La révision de la directive européenne sur les déchets, intervenue en 2018, qui a imposé le caractère financier des écocontributions, a conduit les pouvoirs publics à questionner ce modèle. Lors de l’examen de la loi Agec, il a été convenu de le préserver de manière transitoire.

La présente proposition de loi, ainsi qu’elle a été adoptée par l’Assemblée nationale, prévoyait d’extraire les publications de presse de la REP papier, en contrepartie de la conclusion d’une convention de partenariat avec l’État afin de déterminer les conditions de la mise à disposition des encarts publicitaires ainsi que des critères de performance environnementale.

La commission l’aménagement du territoire et du développement durable du Sénat a souhaité pour sa part maintenir les publications de presse dans la REP et introduire une modulation des contributions sous la forme d’une prime accordée notamment par la mise à disposition gratuite d’encarts d’information et le respect de critères de performance environnementale.

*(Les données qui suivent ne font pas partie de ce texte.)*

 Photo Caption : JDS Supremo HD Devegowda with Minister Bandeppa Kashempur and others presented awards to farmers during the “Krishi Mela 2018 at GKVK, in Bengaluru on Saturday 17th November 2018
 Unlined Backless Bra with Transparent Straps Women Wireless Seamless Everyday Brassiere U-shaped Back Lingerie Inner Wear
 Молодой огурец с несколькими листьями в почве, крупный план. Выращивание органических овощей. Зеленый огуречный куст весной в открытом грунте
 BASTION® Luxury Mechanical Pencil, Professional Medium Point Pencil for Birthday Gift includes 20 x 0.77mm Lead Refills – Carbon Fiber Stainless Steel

Cela inquiète à double titre : la presse ne dispose plus de la garantie de pouvoir contribuer en nature et les autres producteurs de la filière devraient contribuer à sa place. Il s’agit de la mutualisation des coûts introduite en commission.

Nous viendrions ainsi fragiliser le secteur de la presse alors qu’il vient déjà de subir le doublement du prix de la tonne de papier en l’espace d’une année dans un contexte de hausse du coût de l’énergie.

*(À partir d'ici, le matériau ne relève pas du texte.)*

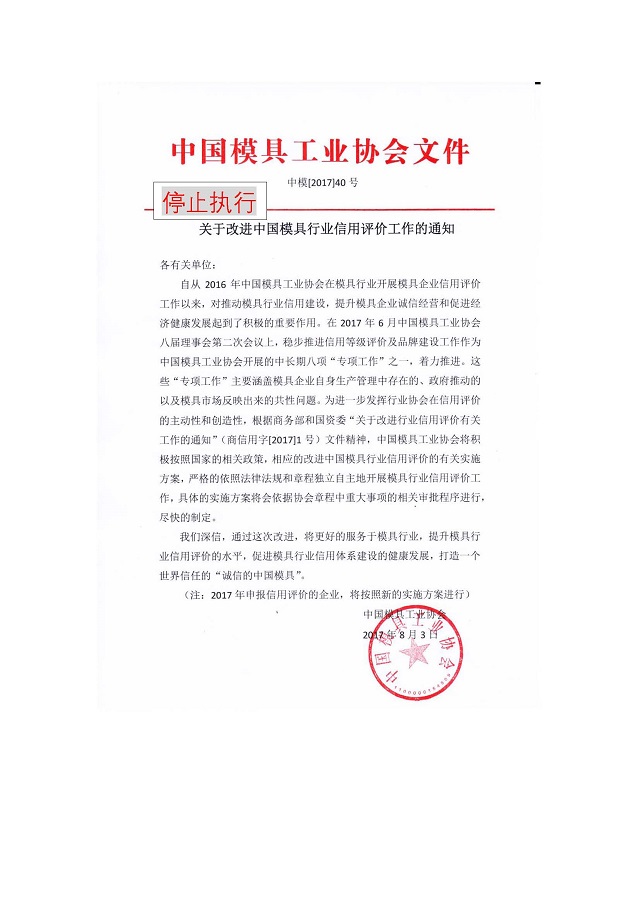 關(guān)于改進(jìn)中國(guó)模具行業(yè)信用評(píng)價(jià)工作的通知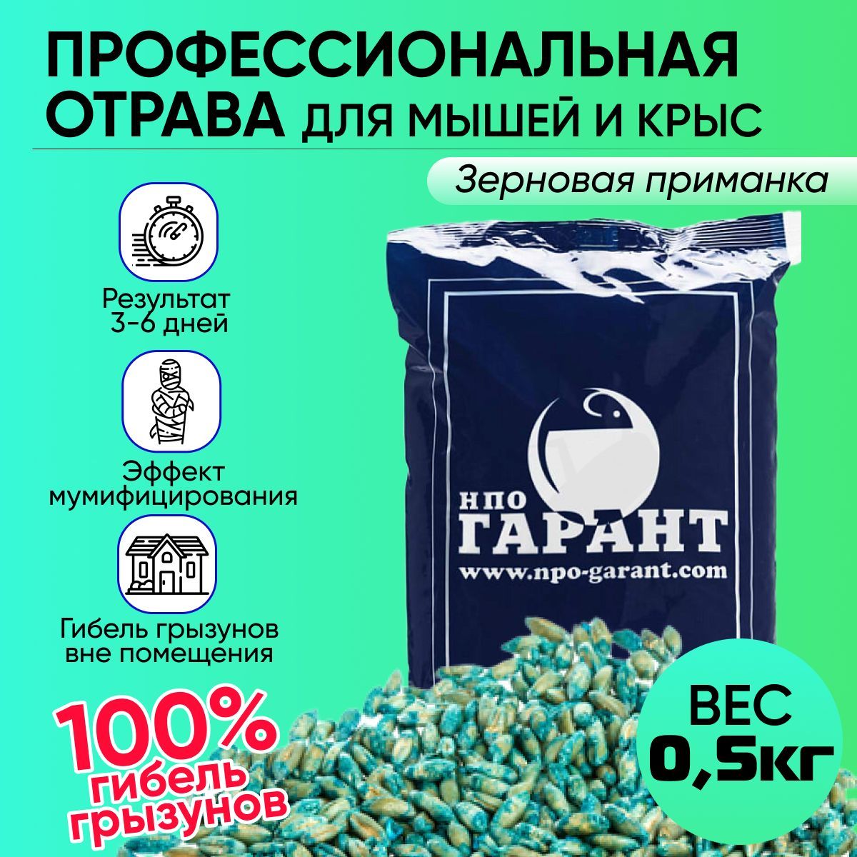 Отрава для мышей и крыс мумифицирующая грызунов зерно голубое 500 грамм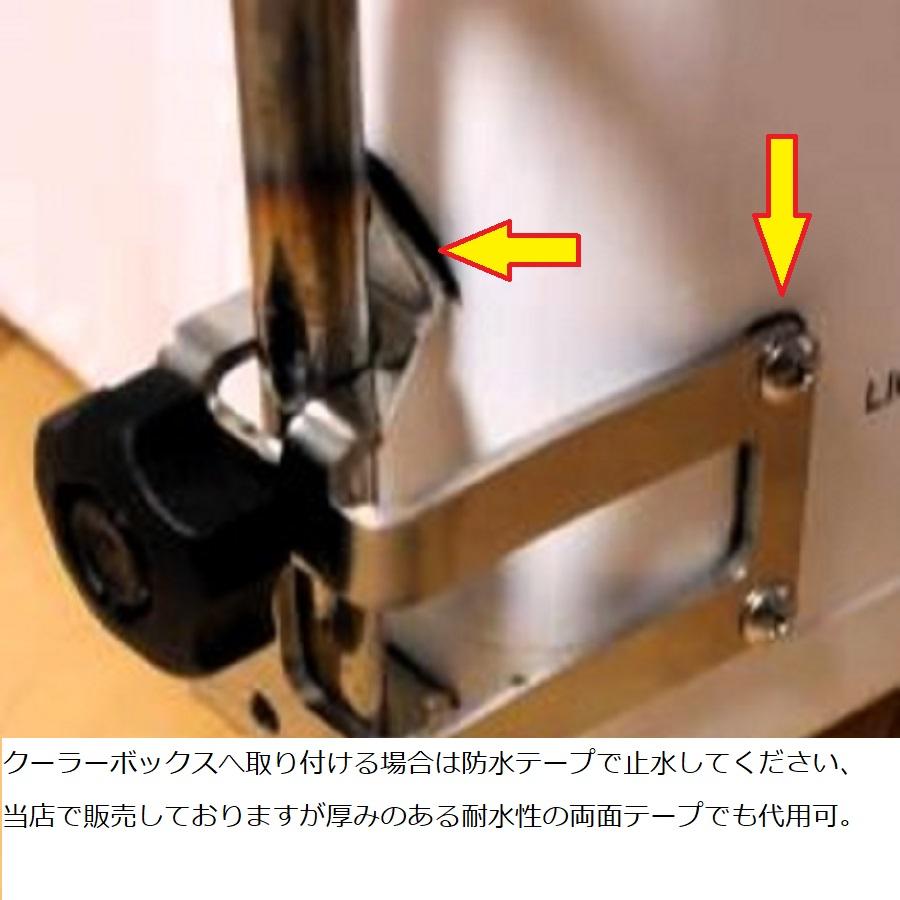 ねじ止めでクーラーボックス等の角を利用して取り付けるのでかなりの強度があります。

Nous proposerons donc de rétablir la rédaction de l’article 1er retenue par l’Assemblée nationale, qui nous semble constituer le meilleur compromis. En aucun cas, cela ne doit être perçu comme un blanc-seing puisque les critères de performance environnementale continueront de s’appliquer.

D’aucuns évoquent un « dangereux précédent » pour les autres filières. Mais c’est à nous, en tant que législateur, de ne pas céder le moment venu à des dérogations qui ne seraient pas justifiées.

Pour ce qui est de la presse, nous sommes convaincus de l’inadaptation de l’écocontribution financière. Peut-on considérer les éditeurs de presse comme des pollueurs et les journaux comme de simples déchets ? Je ne le pense pas et cela vaut aussi pour les livres.

Si l’on veut améliorer nos performances de collecte du papier, commençons par assurer la collecte séparée de ce flux, comme cela se fait dans d’autres pays européens. Appliquons les amendes prévues par le droit en vigueur lorsque le tri n’est pas réalisé.

Mes chers collègues, les « taxes », entendues au sens large, ne peuvent à elles seules résoudre tous les problèmes.

J’en viens au deuxième sujet soulevé par la proposition de loi : la fusion des filières emballages ménagers et papier pour des raisons administratives et pour favoriser les synergies.

Une étude d’impact aurait été appréciable. Pour cela, le dépôt d’un projet de loi, de préférence avant la fin du dispositif dérogatoire qui avait été adopté dans la loi Agec, n’aurait pas été superflu. Cela nous aurait évité d’adopter une loi rétroactive alors que le Gouvernement disposait de trois ans pour se pencher sur la question. Nous avons été alertés sur les risques de la fusion financière de ces deux filières. En effet, cela pose des problèmes d’équité : chaque filière doit couvrir les coûts dont elle est responsable.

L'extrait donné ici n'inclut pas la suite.